We had tasted a very small sample of the exhilaration of customers demand with our preview release. People had shown us the thing we were offering could be compelling. The team had some track record of prior success. But we didn’t really have much to go on but faith — not any model of causation, not any correlation to what we intended. We had signals, hints, a scent we felt like we could follow that led to customers experiencing a problem we felt we could solve.
That’s what I think we can find in these 16 observations, and why I wanted to share the document in its original, time-machined state. For authenticity, sure. But moreso, to show how little we knew, how much we were just like thousands of failed startups. And to show where the scent of success started.

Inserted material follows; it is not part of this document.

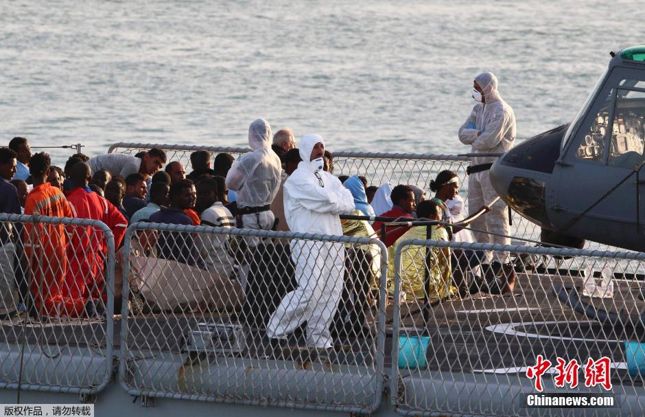 当地时间2014年5月13日,意大利卡塔尼亚,一艘非法移民船只在西西里岛和非洲北部海域之间失事,导致17人死亡。意大利海军救助206名非法移民。
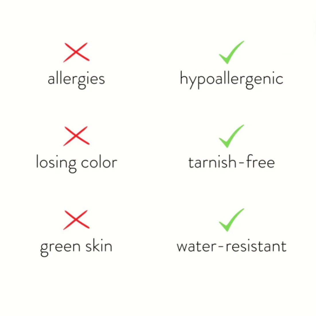 Hergestellt aus wasserfestem Edelstahl, müssen Sie sich nie wieder um das Verblassen oder Oxidieren von Schmuck sorgen.

And let’s acknowledge it: the survivorship bias is real. Most startups fail, and there were so many ways we could have failed. That would have been the most likely outcome. Then I wouldn’t be here typing to you and you wouldn’t care about this story. Failure really is the normal outcome for a startup. Slack is an exception that found some success.
Sure, we can look back on the time of September, 2013, and a summary of our first 1,000 invites, and find the scent of success. We can trace that scent to a $27.7-billion exit and the story almost writes itself. We can ease ourselves into a resulting fallacy. But please don’t let that hindsight lie to you. That’s as if we looked at a morning weather forecast with 1% chance of rain and dressed for a downpour.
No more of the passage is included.